Rhys’s reflections on how different his family is to Vivi’s function as more than just personal introspection. Rhys pinpoints the difference between one’s blood kin and one’s chosen family. For Vivi, she grew up feeling supported and loved by Elaine and Gwyn, so her understanding of what a family is and does is different from Rhys’s perspective, since he grew up in a cold and distant family whose members went their separate ways as soon as possible. While Rhys appreciates Vivi’s estimation that Simon’s overbearing behavior is a sign that he cares about his son, he also knows that just because someone is a blood relative, they do not necessarily care about him. This reflection explores the ways in which family dynamics affect an individual’s understanding of different forms of love. For Vivi, love and duty are deeply intertwined, as her family’s devotion to one another is entangled with familial love. In Rhys’s experience, familial duty is a straightforward obligation, and love has nothing to do with it. By growing closer with Vivi, Rhys is able to join her family and experience the supportive network of relatives he did not have while growing up in Penhaven Manor. There is also something to be said for the gender differences between Rhys’s family and Vivi’s. The Penhallows who appear in the novel are all male characters, whereas the Joneses are all female characters. In the male-dominated environment, greater emphasis is placed upon competition, whereas in the female-led environment, there is more focus on collaboration. Rhys experiences what it is like to be part of a team fighting for the same goal, rather than a group of opponents fighting each other.

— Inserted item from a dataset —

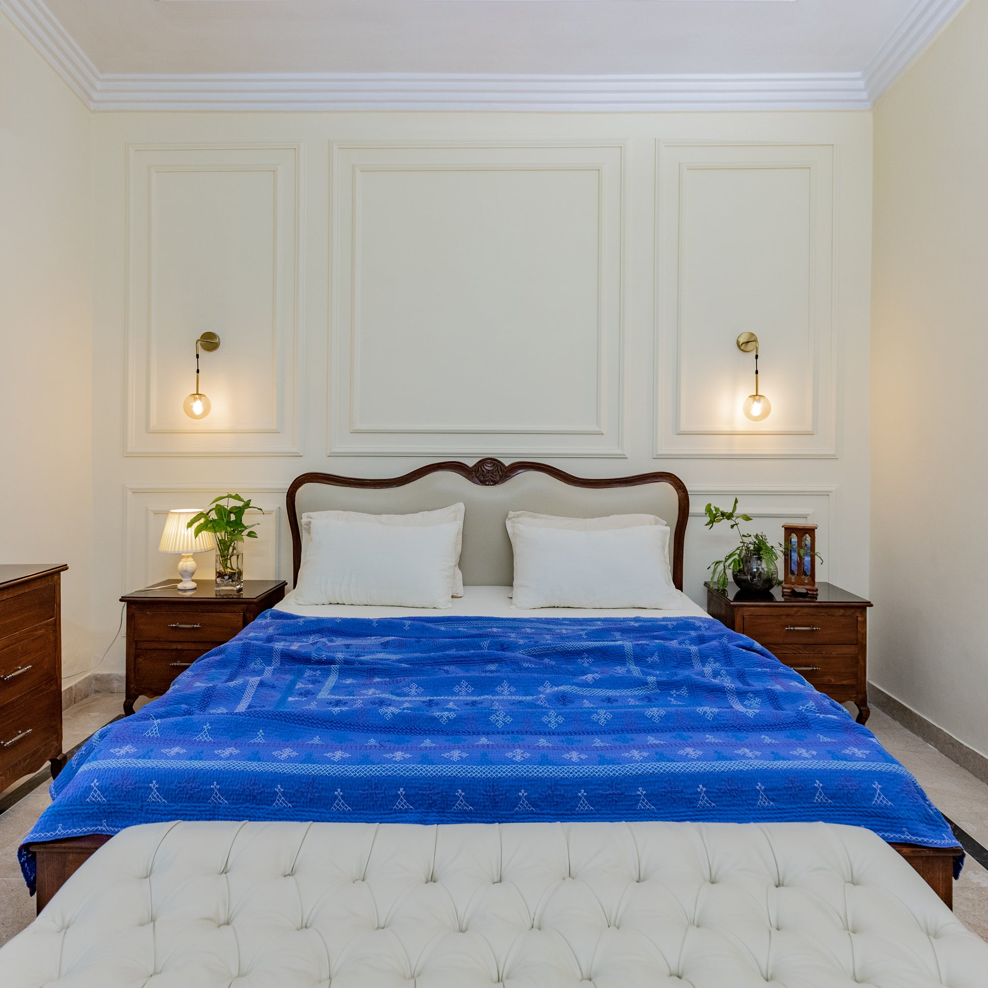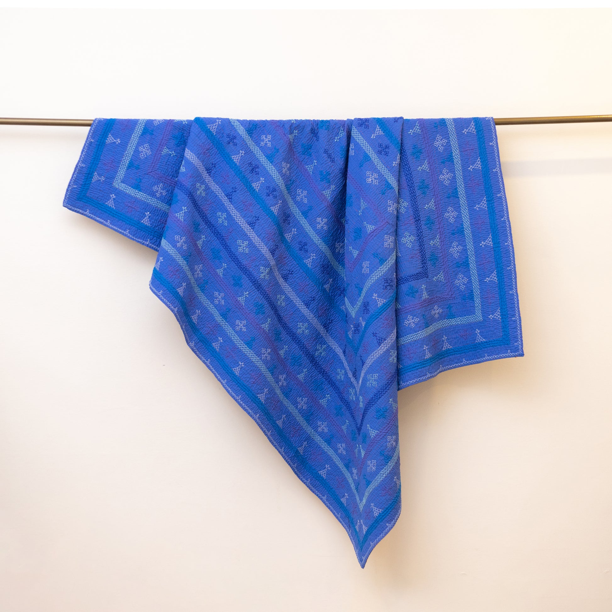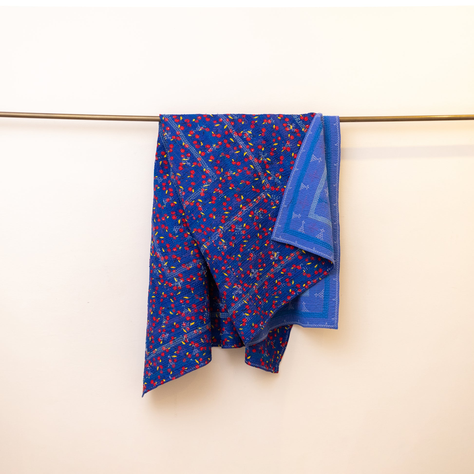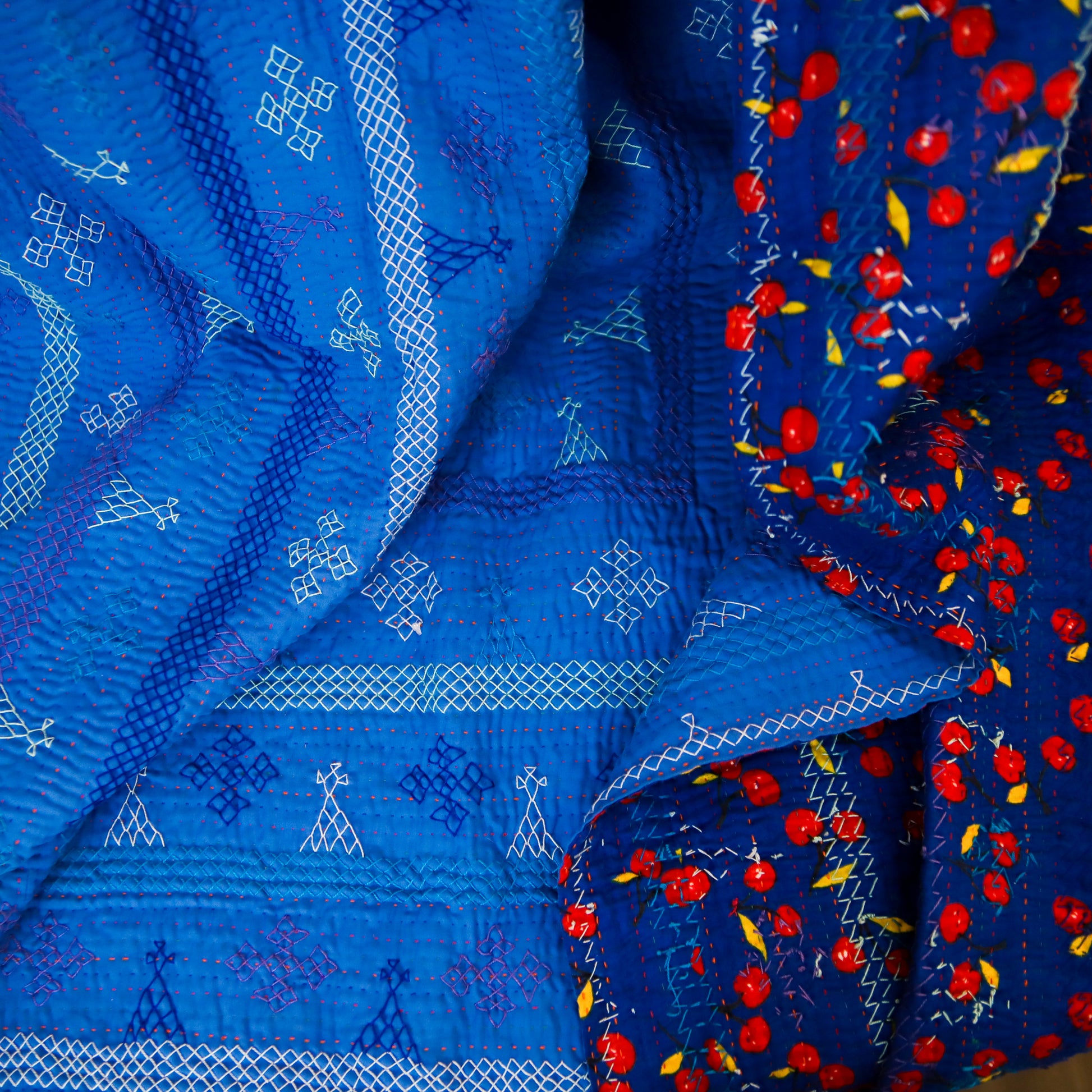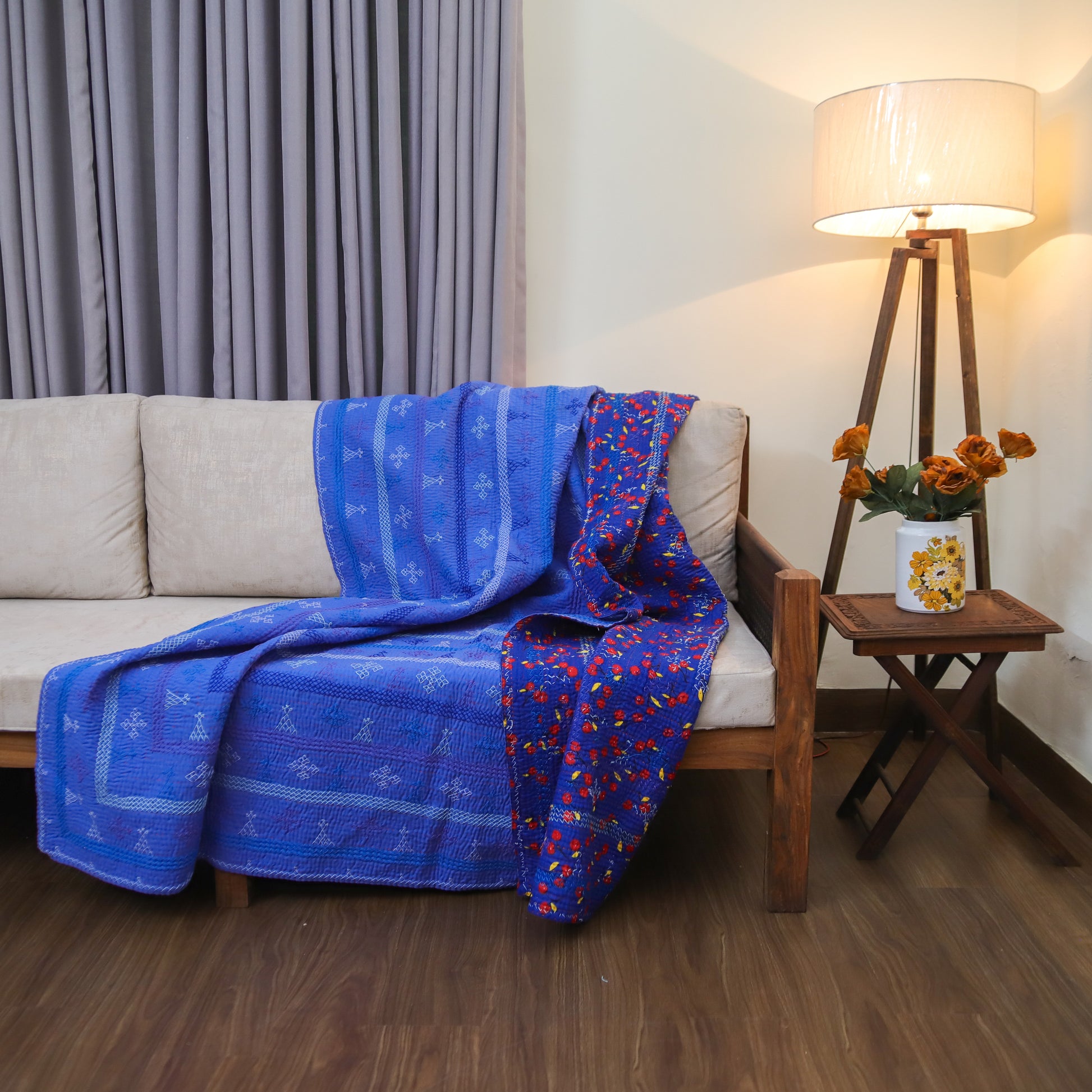 Twin-size Rilli in a deep blue hue with intricate back-printed detailing. Adorned with traditional stitched motifs and vibrant floral patterns on the reverse. Handmade with care by rural female artisans.

Piper McBride’s revelation of what really happened to Aelwyd Jones reflects a disappointing pattern in real-life history, in which the involvement and accomplishments of women are overlooked and sometimes altogether erased in favor of championing the genius of and sacrifices made by men. Historically, women have not been afforded the same opportunities for advancement as men, which preemptively sets up their accomplishments to occur under the leadership of men who take full credit for their work. Gryffud Penhallow was unable to establish Graves Glen and harness the ley-lines power by himself; he could not have founded the town without Aelwyd’s power. However, to keep the resulting glory for himself, he covered up her involvement and her true cause of death, ensuring that he would be remembered as a hero. Aelwyd’s power was still so intense that, even after her death, her desire to be known and seen reached out through the ley lines and seized control of Vivi’s hex. Aelwyd’s revenge is to destroy the town Gryffud stole her power to create and punish his descendants with death in the same sweeping manner as he sentenced her descendants to obscurity.